Reproduce the records below exactly from their first line through the line containing "Outside, guests are", omitting all pictures.

(Records from a dataset)
----------
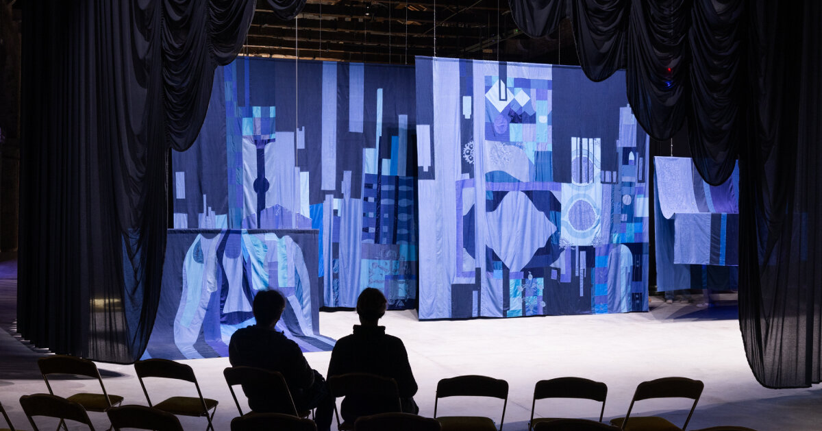 Caminando entre tonos azules, patchwork tapizSusana bordadoPabellón de Uzbekistán La 60ª Bienal de Arte de Venecia Es un escenario teatral para voces colectivas y memorias culturales. La artista Aziza Kadyri transformó el pabellón, Don’t Miss a Tip, en un teatro deconstruido entre bastidores: una sala arrinconada y con poca luz llena de montones de disfraces de adultos, booms reconfigurados y pantallas digitales. Los visitantes serpentean a través de un viaje sensual pero ambiguo, que culmina cuando emergen en un escenario abierto iluminado por focos y activado por las miradas de los miembros de la «audiencia» en reposo, un guiño al reconocimiento de la experiencia teatral de Card.
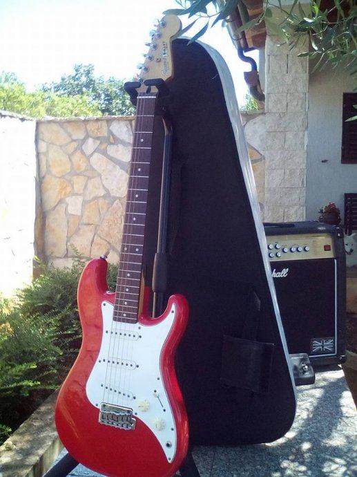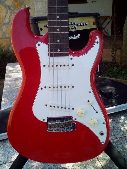 Original Squier Bullet, made in 1987. Essentially a Stratocaster with a smaller 7/8 body and a nice thin neck.
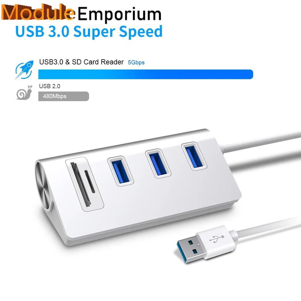 New Arrival Aluminum 10 gbps Super Speed charging data transport 5 in 1 3 ports USB A USB HUB Card reader
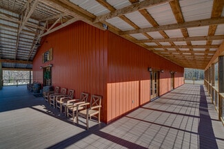 Outside, guests are welcomed by a beautiful wooded ceremony area with benches already in place, creating a peaceful and private backdrop for events. The building is enhanced by long covered porches along the front and both sides, spanning the full length of the venue and offering generous space for guests to gather, mingle, and enjoy the setting. The property also provides ample on-site parking, easily accommodating large gatherings and event traffic.
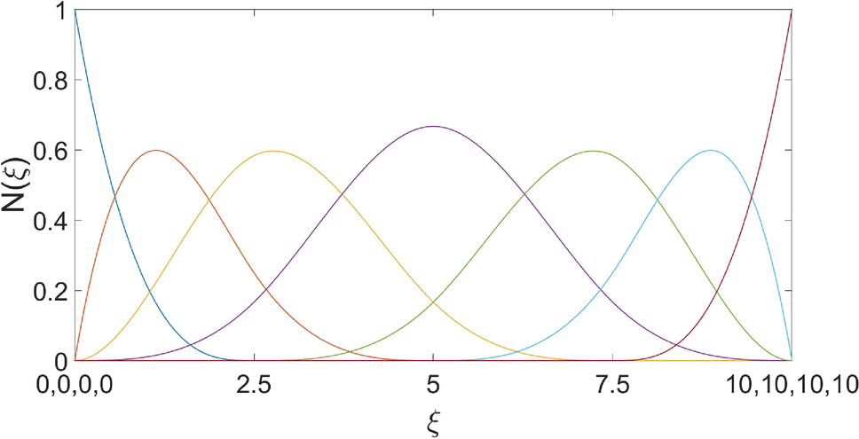 While these functions are \(C^2\) continuous at all points of the domain, they are not suitable for analysis as they all vanish on the boundaries, precluding non-zero values for all linear combinations of the basis functions on said boundaries. To eliminate this limitation, we illustrate the effect of knot repetition. By repeating the first knot \(p+1\) times the functions with support in that knot will change in value and continuity. If you consider these functions as belonging to the infinite parameter space and being compactly supported on the span of the knot vector, the first function with support on this node becomes discontinuous (also referred to as \(C^{-1}\) continuous on the literature), as shown in Fig. 4. The second function with support on that knot becomes \(C^{0}\) continuous, the third one becomes \(C^{1}\) continuous and so on. The same applies for the last node, which will also be repeated \(p+1\) times. As stated before, the rest of the knots must be equally spaced in order to generate suitable functions, which leads to the new knot vector being \(\varXi =[0,0,0,0,2.5,5,7.5,10,10,10,10 ]\). Referring again to Fig. 4, we see that regardless of the knot repetition, we are still generating 7 distinct functions of degree 3. Here we introduce a bit of terminology by calling the difference between two elements of the knot vector a “knot span”. Also, if a knot span has a non-zero value, its called a “non-trivial” knot span. In the same vein, the knot span between two repeated knots is called a “trivial” knot span.
----------
Completed task:
 Caminando entre tonos azules, patchwork tapizSusana bordadoPabellón de Uzbekistán La 60ª Bienal de Arte de Venecia Es un escenario teatral para voces colectivas y memorias culturales. La artista Aziza Kadyri transformó el pabellón, Don’t Miss a Tip, en un teatro deconstruido entre bastidores: una sala arrinconada y con poca luz llena de montones de disfraces de adultos, booms reconfigurados y pantallas digitales. Los visitantes serpentean a través de un viaje sensual pero ambiguo, que culmina cuando emergen en un escenario abierto iluminado por focos y activado por las miradas de los miembros de la «audiencia» en reposo, un guiño al reconocimiento de la experiencia teatral de Card.
 Original Squier Bullet, made in 1987. Essentially a Stratocaster with a smaller 7/8 body and a nice thin neck.
 New Arrival Aluminum 10 gbps Super Speed charging data transport 5 in 1 3 ports USB A USB HUB Card reader
 Outside, guests are welcomed by a beautiful wooded ceremony area with benches already in place, creating a peaceful and private backdrop for events. The building is enhanced by long covered porches along the front and both sides, spanning the full length of the venue and offering generous space for guests to gather, mingle, and enjoy the setting. The property also provides ample on-site parking, easily accommodating large gatherings and event traffic.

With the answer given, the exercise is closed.